Every string below is drawn from your browser's cryptographically secure random number generator the moment this page loads. Nothing is generated on a server and nothing leaves this tab — close the page and these strings are gone for good, known only to you.
These strings come from crypto.getRandomValues(), the same
cryptographically secure random source your browser uses for TLS session keys.
Each character is chosen independently with equal probability (using rejection
sampling, so no character set introduces statistical bias). That makes the strings
maximum-entropy: there is no pattern to exploit, no dictionary that contains them,
and no shortcut for an attacker beyond brute force over an astronomically large
space.
Because generation happens entirely in your browser, there is no server that ever saw your password, no network transmission to intercept, and no log to leak.
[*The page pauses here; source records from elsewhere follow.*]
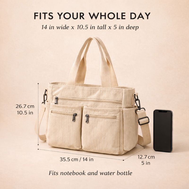 Tuckwell™ – Corduroy Multi-Pocket Tote Bag with Crossbody Strap + 50% – Ausbury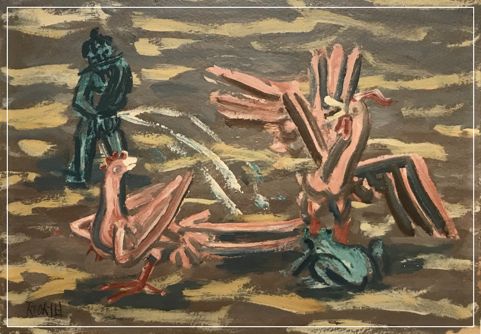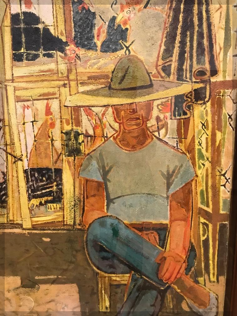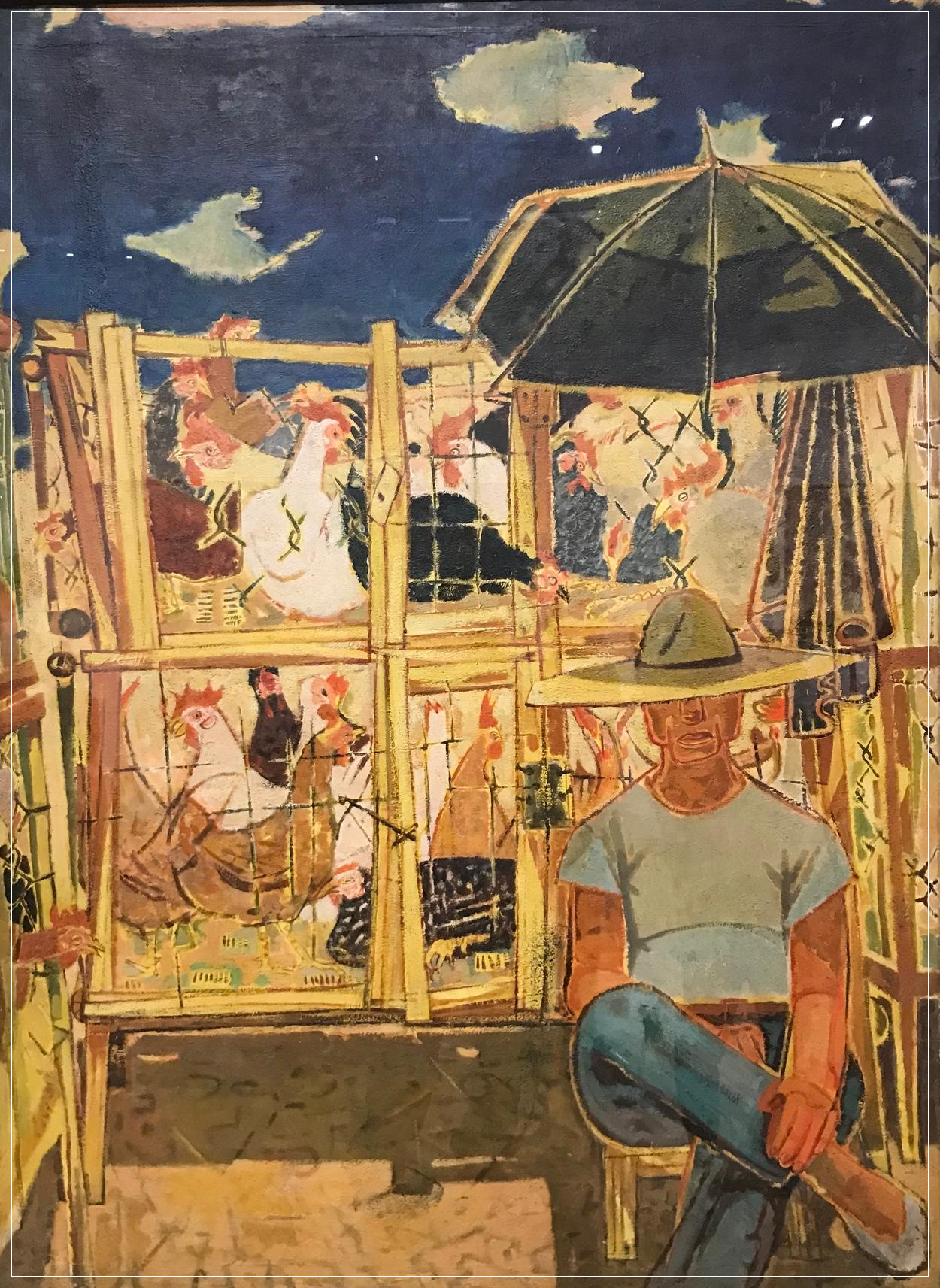 이름만 알고 있었던 아티스트 문신은 '시메트리(Symmetry)' 즉, 좌우균제 구조의 개성적인 조각을 하는 작가로 유명하지만, 회화에서도 뛰어난 기량을 보여주었습니다. <닭장>은 문신이 국내 화단에서 활동하던 시기의 작품으로, 모자를 눌러쓰고 한 여름 닭장 앞에 앉은 인물을 통해 답답하고 혼란한 당시 현실을 반영하는 듯합니다.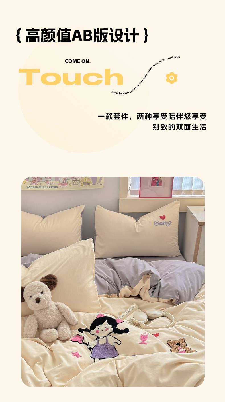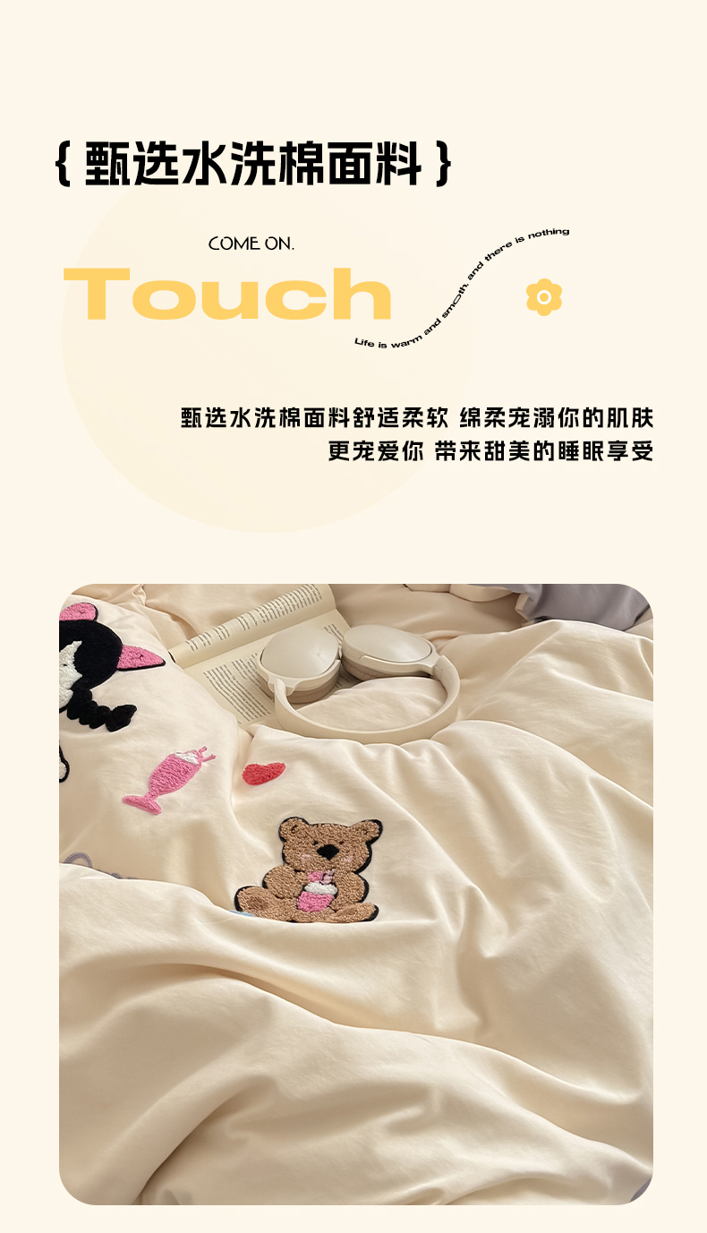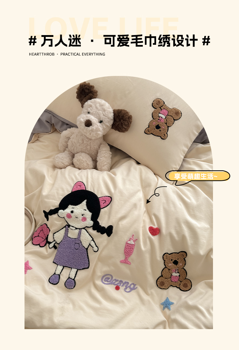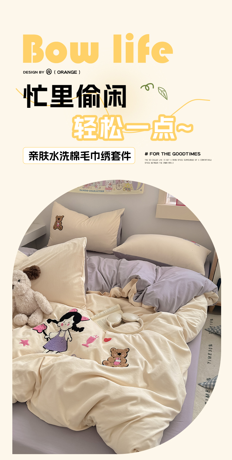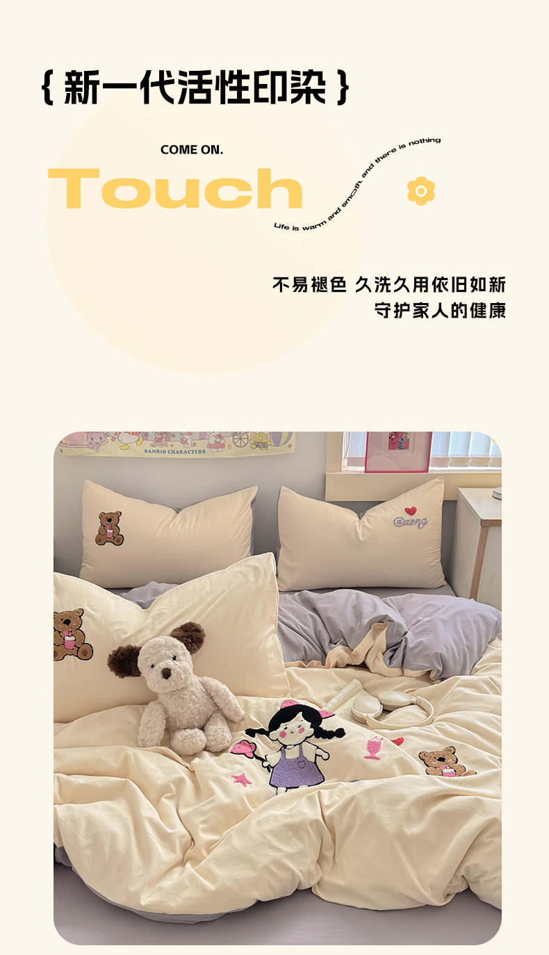 当前位置: 91家纺网 > 商品网购 > 床品套件 > 四件套 > 水洗棉四件套 > 沃朴家居 2025春夏新款亲肤水洗棉毛巾绣四件套 花朵女孩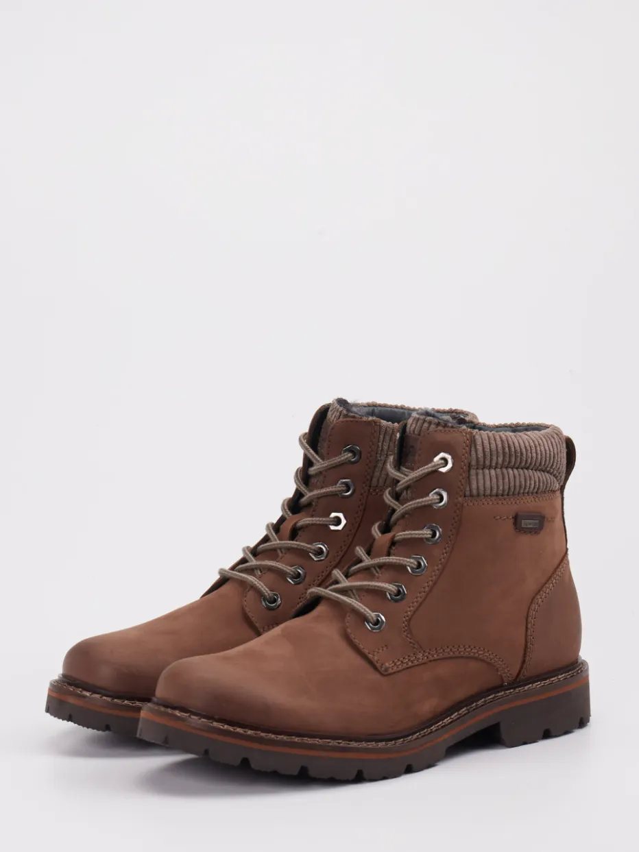 Ob beim Spaziergang im Wald oder im urbanen Alltag – das braune Nubukleder mit matter Oberfläche verbindet Langlebigkeit mit einem gepflegten Erscheinungsbild. Warmes Lammfellfutter sorgt für Komfort auch an frostigen Tagen, unterstützt durch eine rutschfeste Gummisohle mit markantem Profil. Optische Akzente setzen Metallösen, Kontrastnähte und ein textil gepolsterter Schaft. Schnürung und seitlicher Reißverschluss erleichtern das Anziehen. Im Utility-Stil gehalten, passt der Look ideal zu Outdoorjacke und Leggings.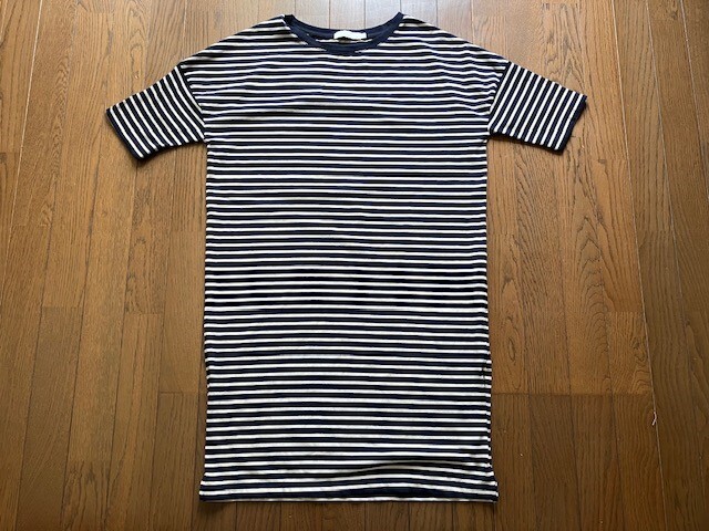 > ビッグTシャツ 半袖 黒×白ボーダー ニット ワンピース ゆったり 肩幅66㎝ 袖丈17㎝ 身幅56㎝ 着丈94㎝ 送料無料 底値

You can even load this page once, disconnect from the internet, and generate keys fully offline.
Hex (256 bits) — ideal wherever raw keying material is accepted: Wi-Fi WPA pre-shared keys entered as 64 hex digits, VPN shared secrets, API signing keys. You can also slice off a shorter prefix; any substring is just as random as the whole.
Printable ASCII — the densest passphrase format. Use it where the full symbol set is accepted, such as password-manager master entries or WPA passphrases on modern equipment.
Alphanumeric — for systems that choke on symbols. Slightly fewer bits per character, but at 63 characters it is still unimaginably far beyond brute-force reach.
For keys you configure once and never retype — router passphrases, VPN secrets — use the longest string the device accepts. Length costs you nothing after setup, and every added character multiplies an attacker's work.